実況:キリスト教講座47


自然神学と啓示神学(10)

 次に、特殊啓示と啓示神学について説明します。これも一般的な組織神学の教科書に出てくる説明です。神が特定の時に、特定の場所で、特定の人に対して救いの業を成すために与えられた啓示を「特殊啓示」と言います。啓示を特殊啓示のみに限定するのが啓示神学の立場です。特殊啓示が必要とされるのは、人間が堕落して神との本来の関係を失ったので、人間は神様が特別に啓示を下さらないかぎりは神様のことが分かりません。それを伝えるのが「聖書」であるということです。だからそれは特別な神の啓示なんだというわけです。

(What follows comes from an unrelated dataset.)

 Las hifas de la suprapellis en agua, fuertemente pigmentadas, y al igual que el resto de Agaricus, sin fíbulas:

 この特殊啓示は、人間の贖罪に関する特別な神の啓示であり、その内容は個人的・直接的にある人物に伝えられます。それがモーセであったり預言者であったりするわけです。このとき、神は人知を超えた超越的存在として示され、絶対的な権威を持った存在として人間に命令します。すなわち、特殊啓示というのは人格的な存在である神が、上から一方的に権威をもって人間に与えるという形を取るわけです。このような特殊啓示は、具体的には「聖書」という書物の中に、①旧約につづられた歴史的出来事を通して、②預言者を通じた神の言葉として、③神の受肉したイエス・キリストを通して記されているとされています。これが特殊啓示の内容になります。

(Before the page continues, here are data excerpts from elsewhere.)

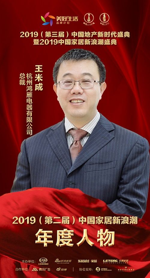 快讯:鸿雁电器王米成荣获家居2019年度新浪潮影响力人物
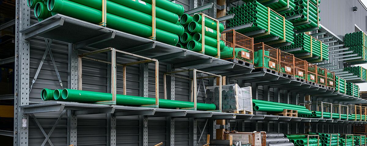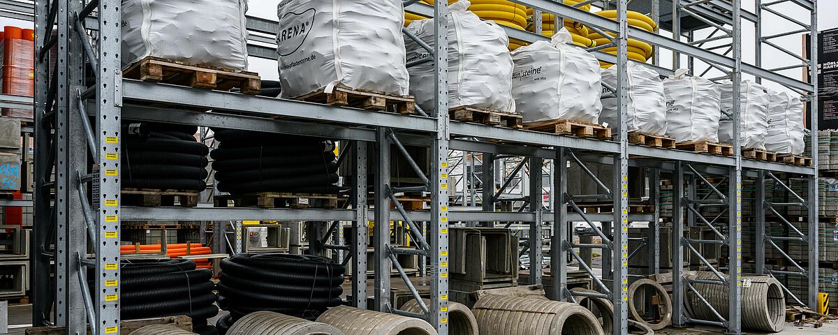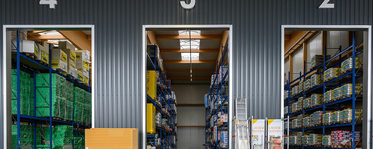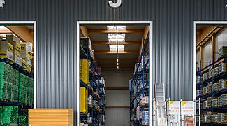 Zbog različitih materijala OHRA je skladišne prostore opremila i konzolnim i paletnim regalima. Postavljena su ukupno 22 regala, jednostruke i dvostruke dubine i visine do 7.500 milimetara. Svaki regal konfiguriran je pojedinačno za različitu robu u smislu nosivosti, broja razina skladištenja i pribora. Dok su unutarnji regali lakirani u boju po želji, vanjski regali su pocinčani i na taj način zaštićeni od vremenskih utjecaja. Neki regali su opremljeni dodatnim nosačima ili rešetkama kako bi bili što fleksibilniji pri skladištenju artikala različitih dimenzija. Također, posebnost je krajnji regal u hali: Izrađen je tako da može primiti zaštitnu ogradu između osovina – stoga služi kao stražnji zid zgrade.
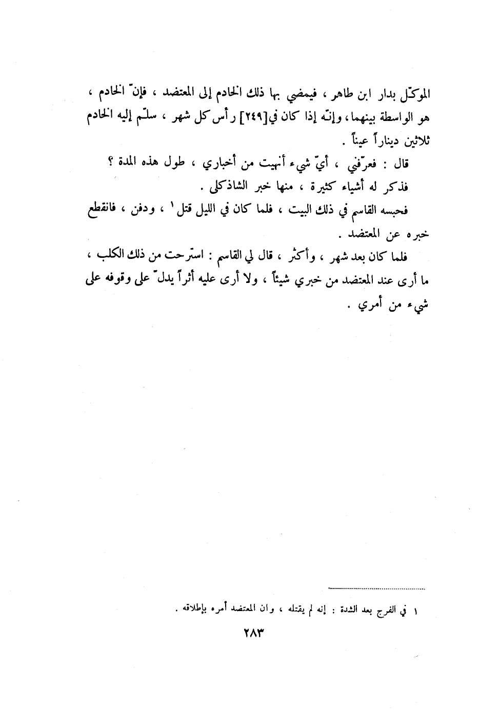 الموكّل بدار ابن طاهر، فيمضي بها ذلك الخادم إلى المعتضد، فإنّ الخادم، هو الواسطة بينهما، وإنّه إذا كان في [249] رأس كل شهر، سلّم إليه الخادم ثلاثين دينارا عينا.

 それでは、我々の信仰にとって「特殊啓示」という概念にはどのような意義があるのでしょうか? それは啓示の優先順位と秩序ということに関係しています。基本的に一般啓示という概念は、啓示の意味内容を拡大していく傾向にあります。いついかなる時でも、どんな人でも神の啓示を受けることができるというように、啓示の意味を広げていくと、あれも啓示、これも啓示ということになり、あたかも啓示のバーゲンセールのようになってしまうのです。私たちのような凡人も一生懸命祈ったりすれば神の啓示を受けるかもしれませんが、それがモーセやイエス様の受けた啓示や、お父様の受けた啓示と果たして同等と言えるのでしょうか? さらには、個々人の受けた啓示が互いに矛盾する内容であった場合には、誰を信じたらよいのかという問題が出てくるわけです。その意味で、たとえ私たちも啓示を受けるということを認めたとしても、それは特別な使命をもった人に与えられる特別な啓示の前には、否定されなければならないときもあるということです。そのような啓示の優先順位や秩序ということを考えたとき、私たちはこの「特殊啓示」という概念の重要性を認識しなければならないわけです。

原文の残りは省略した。